Pretrained overview
Document AI offers multiple products to process documents for information for different use cases.
Pretrained parsers
For more information, go to Explore pretrained processors.
Bank statement parser
Bank statement parser extracts key-value pairs (KVP). It can extract up to 17 generic entities. Examples include: Account number, client name, bank name, and table items like deposits and withdrawals. You don't specify the fields (schema) you want to extract. Bank statement parser supports Enrichment and Normalization.
W2 parser
W2 parser extracts from the IRS Form W2 as KVP. It can extract up to 12 generic entities, including employee name, Social Security Number, employer, and wages. You don't specify the fields (schema) you want to extract. W2 parser supports Enrichment.
US passport parser
US passport parser extracts KVP. It can extract up to seven generic entities. These include given names, family names, document ID, and date of birth. You don't specify the fields (schema) you want to extract. US passport parser supports Normalization.
Utility parser
Utility parser extracts KVP. It can extract up to 75 generic entities from utility bills. These include supplier name, previous paid amount, and line items like amount, description, and product code and quantity. You don't specify the fields (schema) you want to extract with the utility parser.
Identity document proofing parser
Identity document proofing parser predicts the validity of ID documents using multiple signals.
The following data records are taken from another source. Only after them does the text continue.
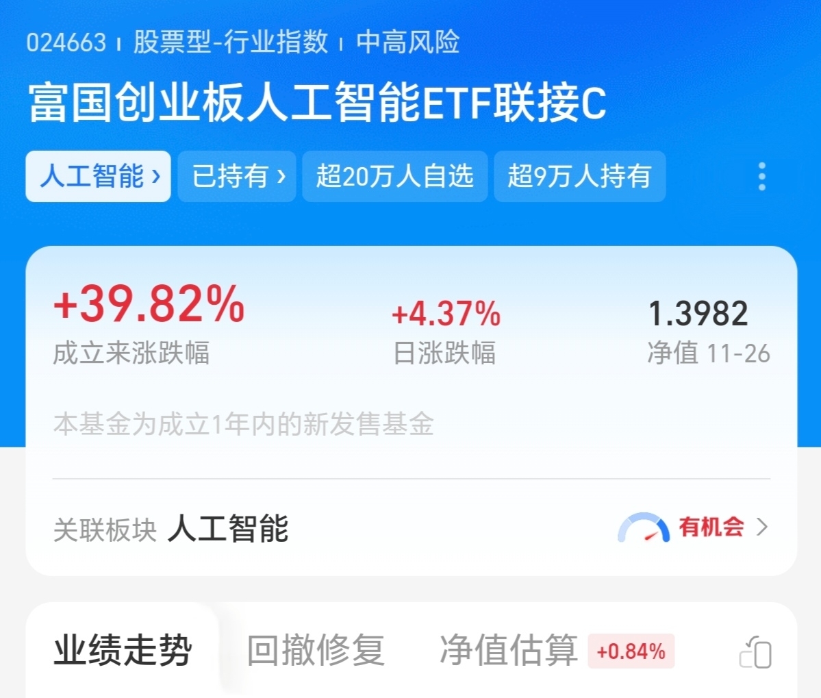 今天股市行情还是不错的,三大指数收红,通信设备、半导体板块涨幅居前。消息面,谷歌与Meta就数十亿美元的TPU供应进行合作, 若合作达成,Meta计划自2026年起租用并最终部署谷歌芯片,这标志着AI芯片市场可能向多元化发展。富国创业板人工智能$富国创业板人工智能ETF联接C$$富国创业板人工智能ETF发起式联接C$ 连续两天涨的不错, 昨天涨4.37%,前天涨3.24%,持仓都是光模块,人工智能相关板块,成立来快40个点, 业绩同类排名靠前,回撤控制的不错,反弹修复也非常快,经理管理经验丰富,我继续看好了。
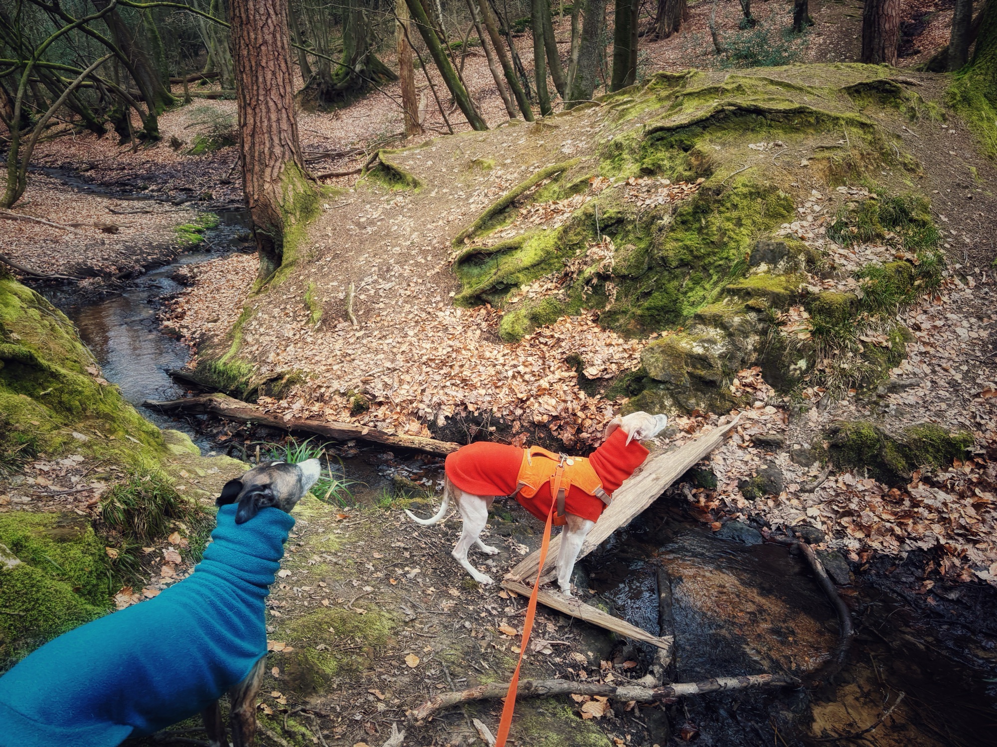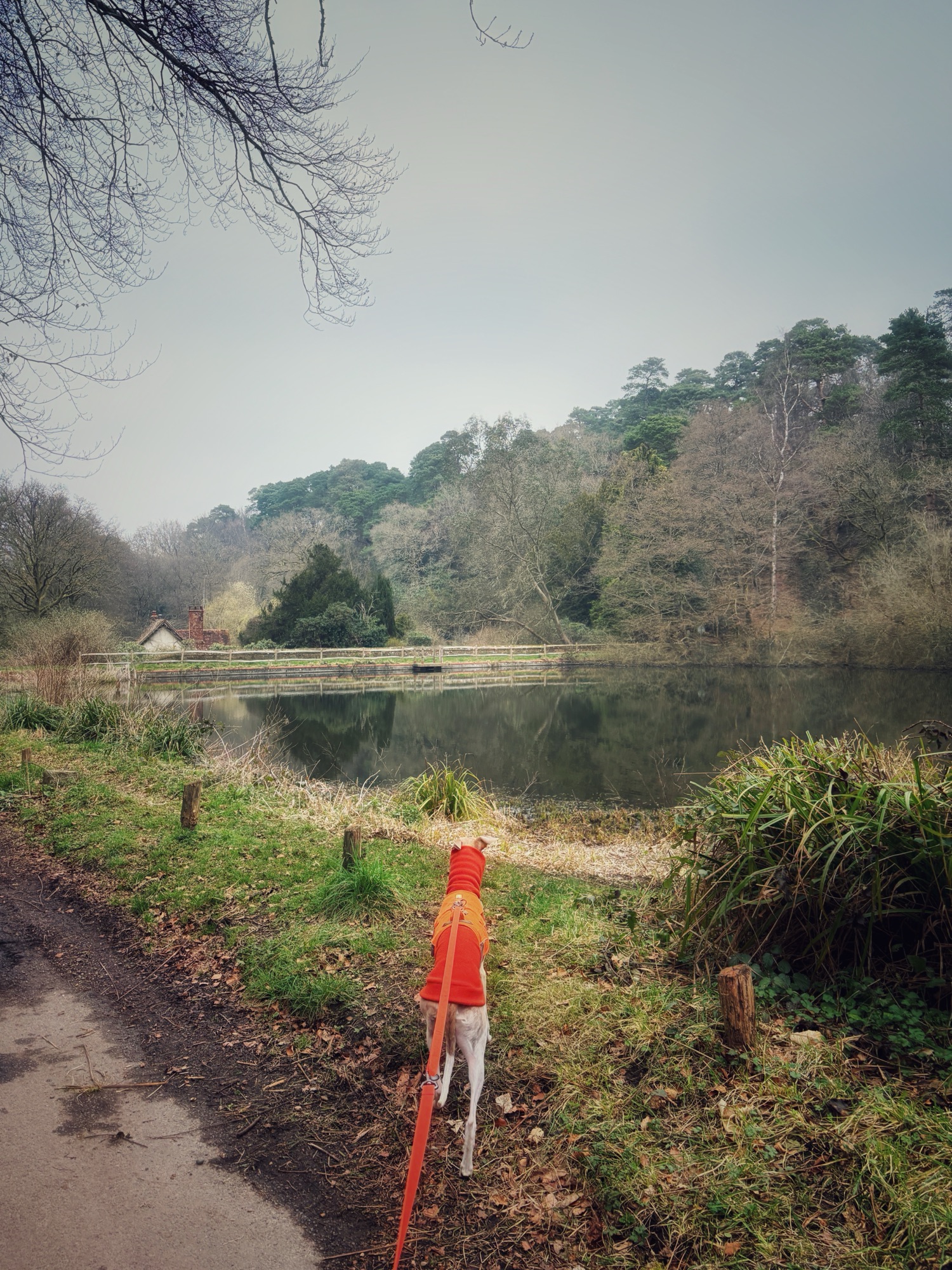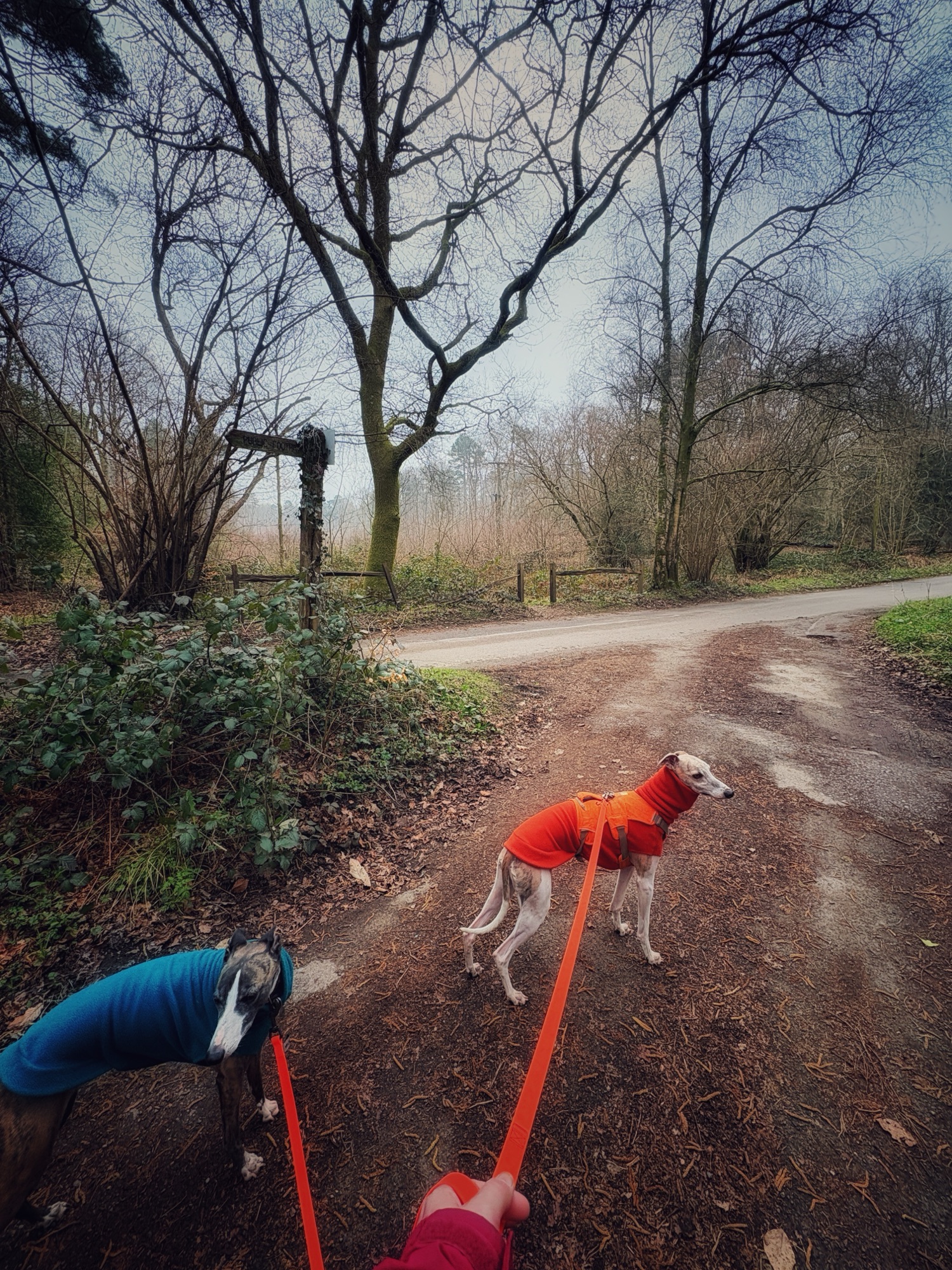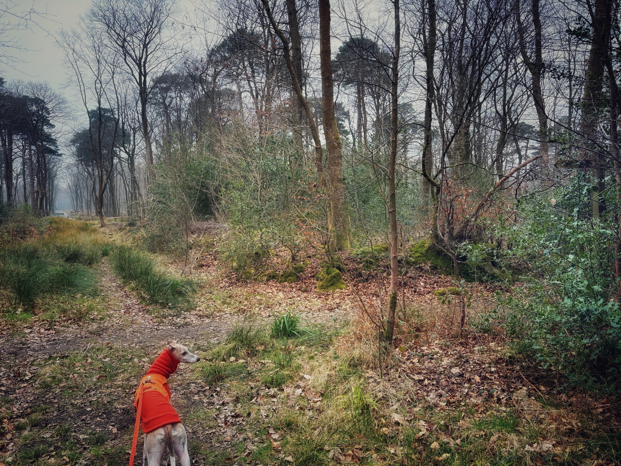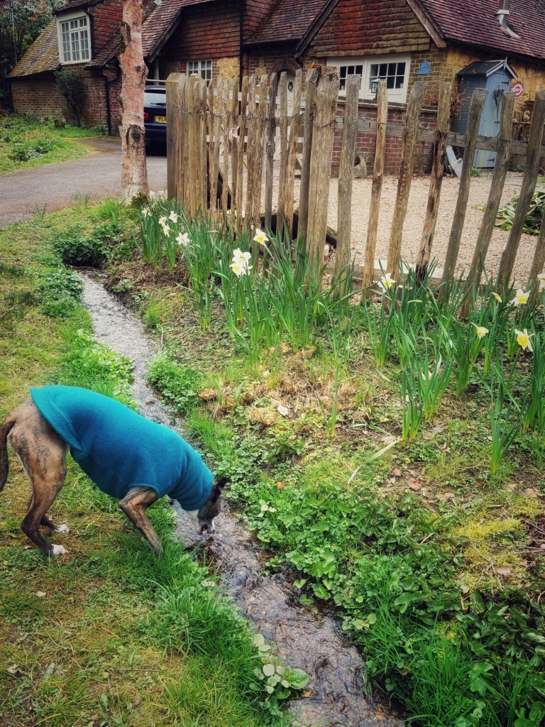 You’ll come to Abinger Common Road. Cross here, passing a post engraved with Mike Edge 1950 – 2009. I think this is weird because my dad was called Mike (which is why Mike whippet is so-called) and he was born in 1950 and died in 2009. His surname wasn’t Edge though, of course. Anyway.
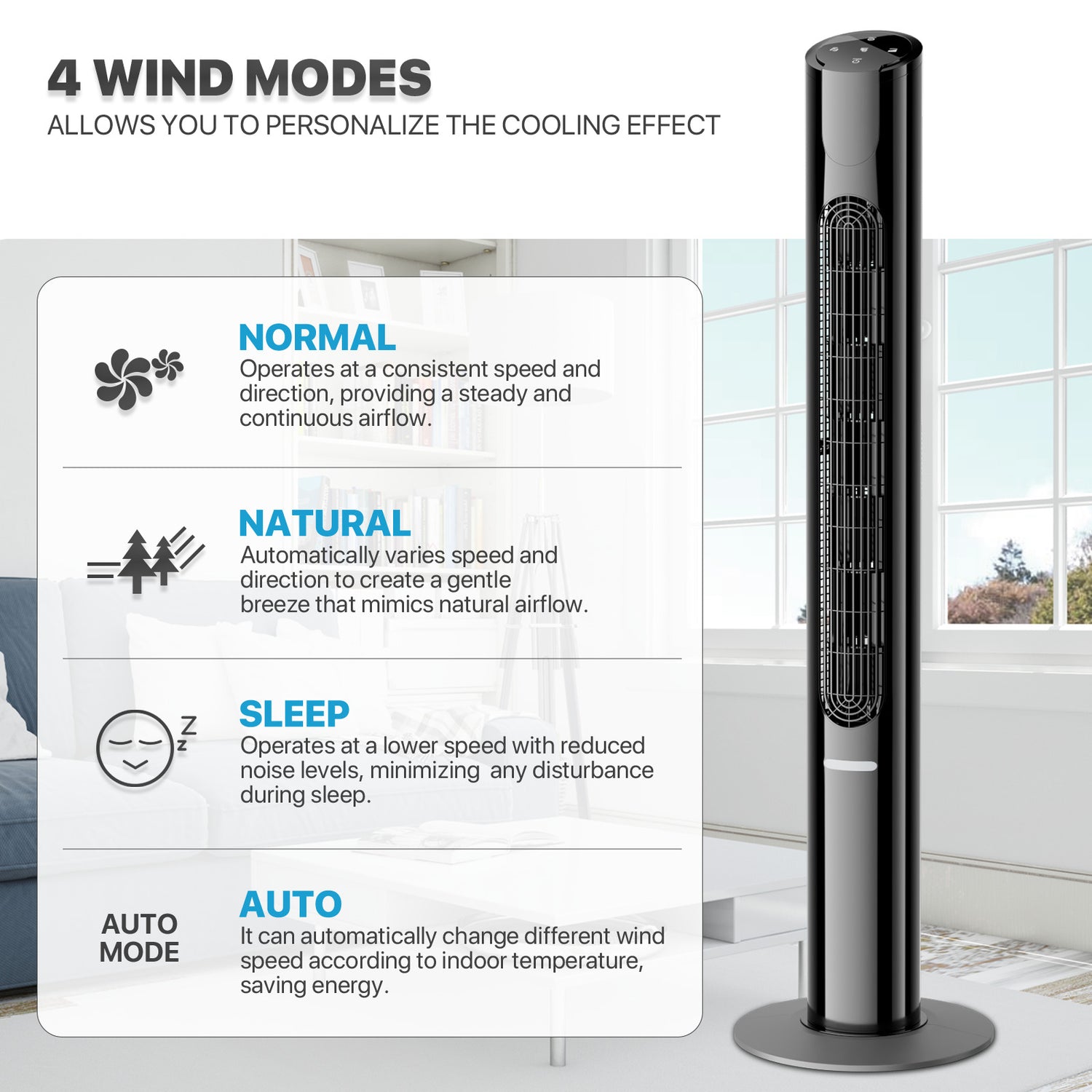 Wind Modes: Normal, Nature, Sleep, ECO
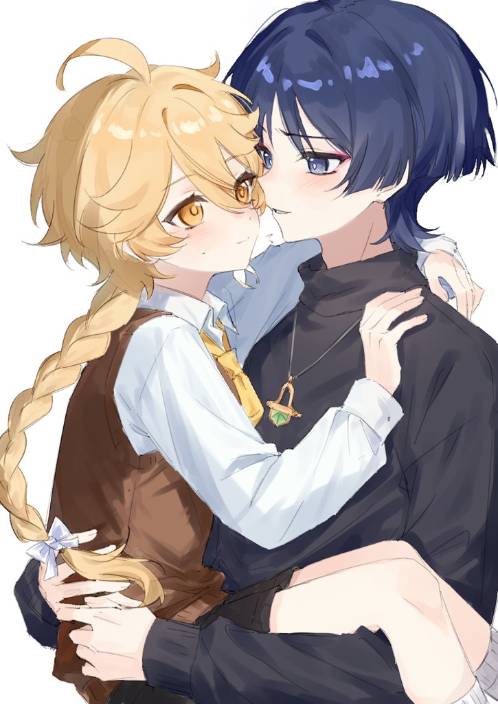 2boys aether_(genshin_impact) aged_down ahoge arm_around_neck black_shorts black_sweater blonde_hair blue_eyes blue_hair blunt_ends blush bow braid bright_pupils brown_sweater_vest carrying carrying_person child closed_mouth collared_shirt commentary earrings english_commentary eyeshadow feet_out_of_frame fingernails from_side genshin_impact hair_between_eyes hair_bow hand_on_another's_shoulder hands_up jewelry long_hair long_sleeves looking_at_another low-braided_long_hair low-tied_long_hair makeup male_focus multiple_boys necklace necktie official_alternate_costume orange_eyes parted_bangs puffy_long_sleeves puffy_sleeves red_eyeshadow scaramouche_(genshin_impact) shirt short_hair shorts simple_background single_braid single_earring smile socks sweatdrop sweater sweater_vest teeth tsuyaryouyado turtleneck turtleneck_sweater upper_body wanderer_(genshin_impact) wanderer_(impression)_(genshin_impact) white_background white_bow white_pupils white_shirt white_socks yellow_necktie

fraud_signals_is_identity_document
detection: Predicts whether an image contains a recognized identity document.fraud_signals_suspicious_words
detection: Predicts whether words are present that aren't typical on IDs.fraud_signals_image_manipulation
detection: Predicts whether the image was altered or tampered with an image editing tool.fraud_signals_online_duplicate
detection: Predicts whether the image can be found online (US only).
Pay slip parser
Pay slip parser extracts KVP. It can extract up to 26 generic entities from pay slips. These include employee name, bonus, commissions, overtime, and pay date. You don't specify the fields (schema) you want to extract. Pay slip parser supports Enrichment and Normalization.
US driver license parser
US driver license parser extracts KVP. It can extract up to eight generic entities from a driver license. Examples include: Given name, family name, document ID, and expiration date. You don't specify the fields (schema) you want to extract. US driver license parser supports Normalization.
Expense parser
Expense parser extracts KVP. It can extract up to 17 generic entities from expense reports. Examples include: Expense date, supplier name, total amount, and currency. You don't specify the fields (schema) you want to extract. Expense parser supports Enrichment and Normalization.
Invoice Parser
Invoice Parser extracts KVP. It can extract up to 46 generic entities from invoices. These include invoice number, supplier name, invoice amount, tax amount, invoice date, and due date. You don't specify the fields (schema) you want to extract. Invoice Parser supports Enrichment and Normalization.
Summarizer
Summarizer gives abstract and bullet point summaries for short and long documents. Summarizer also lets you specify the output length of the summary as comprehensive, medium, or brief.